Estimating GLM with structured sparsity inducing penalties
A typical example where APG is useful is to estimate generalized linear models with non-smooth penalties inducing particular structures on the model. apg therefore has a built-in function to do that for you, implementing several popular log-likelihoods and penalties.
We consider $n$ training samples $x_1,\ldots,x_n \in \mathbb{R}^p$, and $n$ response variables $y_1,\ldots,y_n$ that can be continuous for regression or binary ($\pm 1$) for binary classification.
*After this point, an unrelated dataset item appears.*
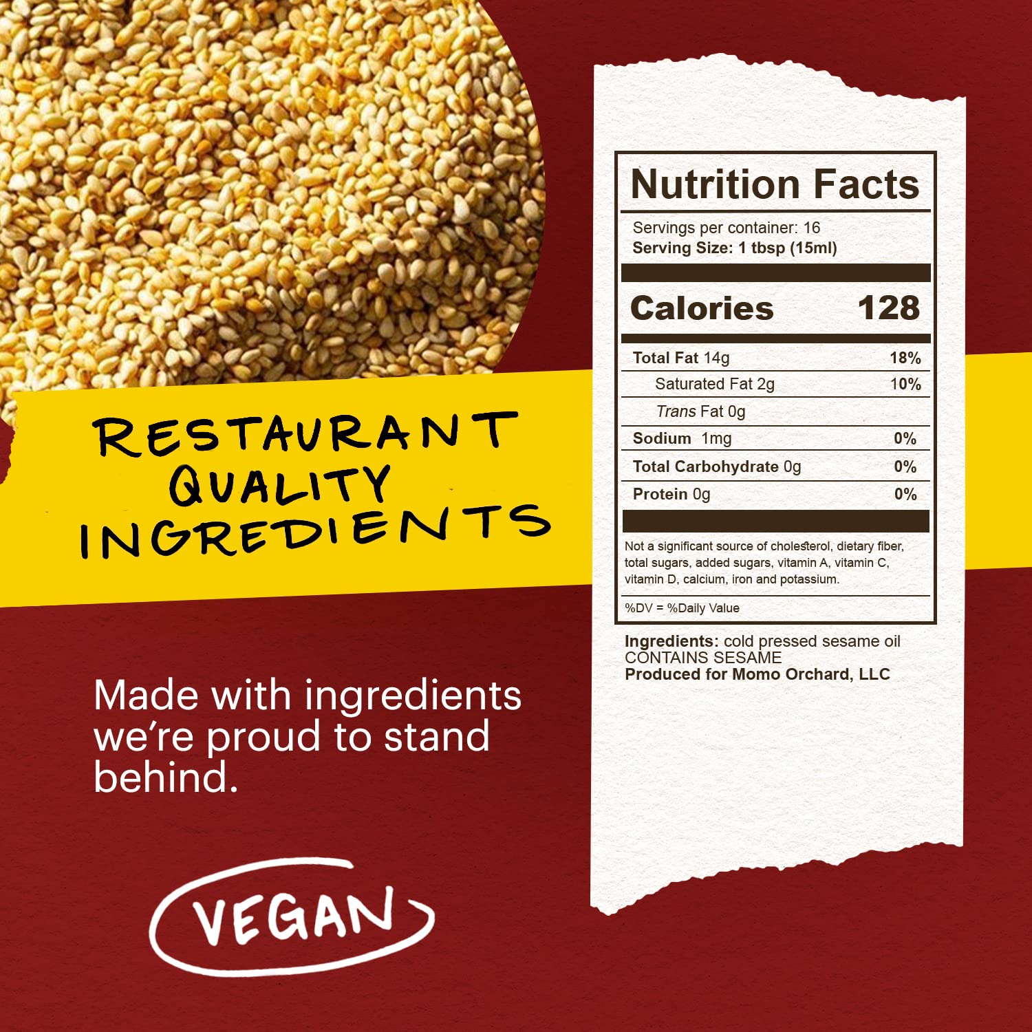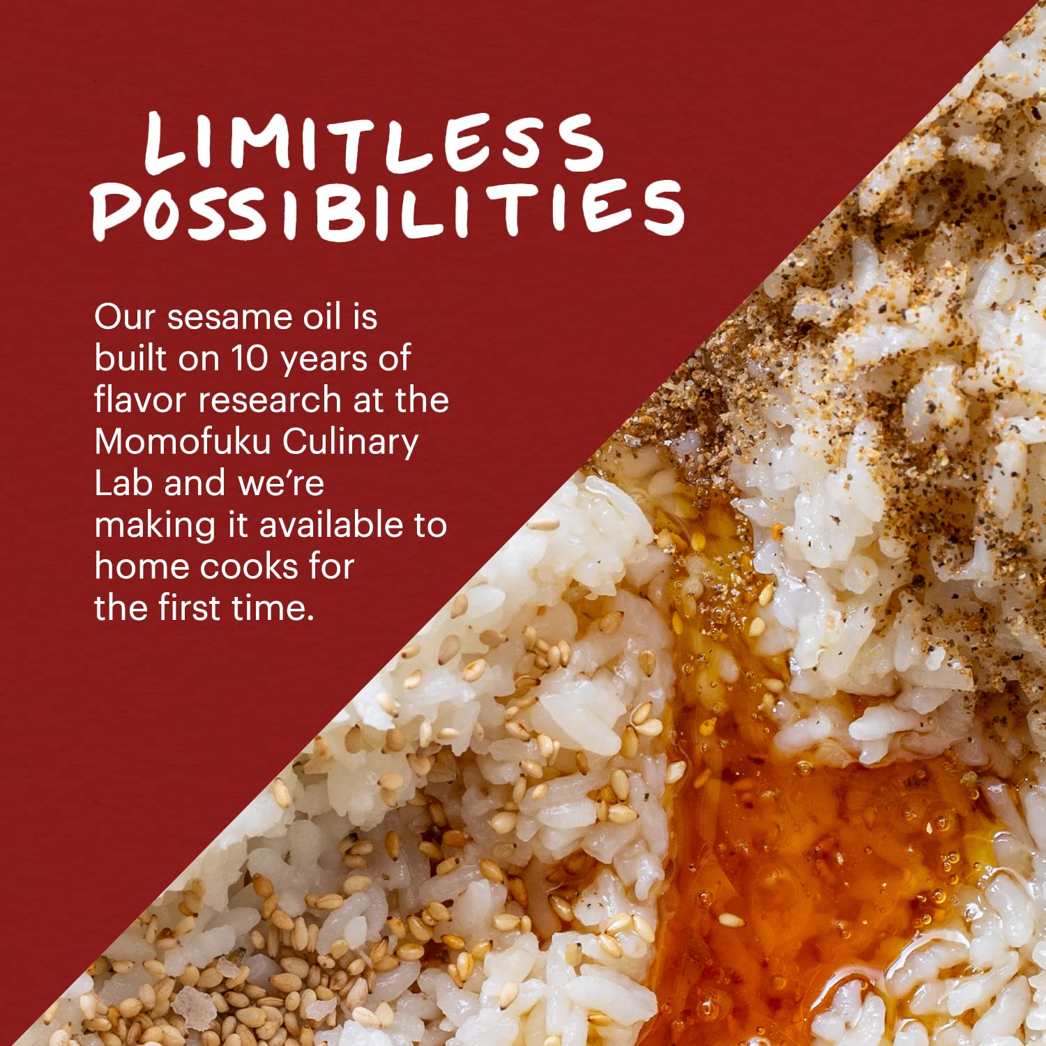 - Q: What makes Momofuku Toasted Sesame Oil different from regular sesame oil? A: Momofuku Toasted Sesame Oil is lightly toasted to enhance the natural flavors of sesame, resulting in a well-balanced, subtle nuttiness that sets it apart from regular sesame oil. Additionally, it's cold-pressed, retaining more nutrients and flavor.

For a linear model $\beta\in\mathbb{R}^p$, potentially with an offset $\beta_0\in\mathbb{R}$, apg implements the following loss function (i.e., negative log-likelihood in the language of GLM):
- When $y$ is continuous, the Gaussian model, corresponding to sum of squared error:
$$
g(\beta, \beta_0) = \frac{1}{2n}\sum_{i=1}^n \left(y_i - \beta^\top x_i - \beta_0\right)^2 \,.
$$
- When $y$ is binary, the logistic regression model:
$$
g(\beta,\beta_0) = \frac{1}{n} \sum_{i=1}^n \log \left( 1 + \exp(- y_i ( \beta^\top x_i + \beta_0)) \right)
$$
As for penalties, APG implements the following:
- Elastic net: for $\alpha \in [0,1]$,
$$
h(\beta) = \frac{1 - \alpha}{2} ||\beta||_2^2 + \alpha ||\beta||_1 \,.
$$
For $\alpha=0$, this is simply the ridge penalty $h(\beta)=1/2 ||\beta||_2^2$, while for $\alpha=1$ this is simply the lasso penalty $h(\beta) = ||\beta||_1$.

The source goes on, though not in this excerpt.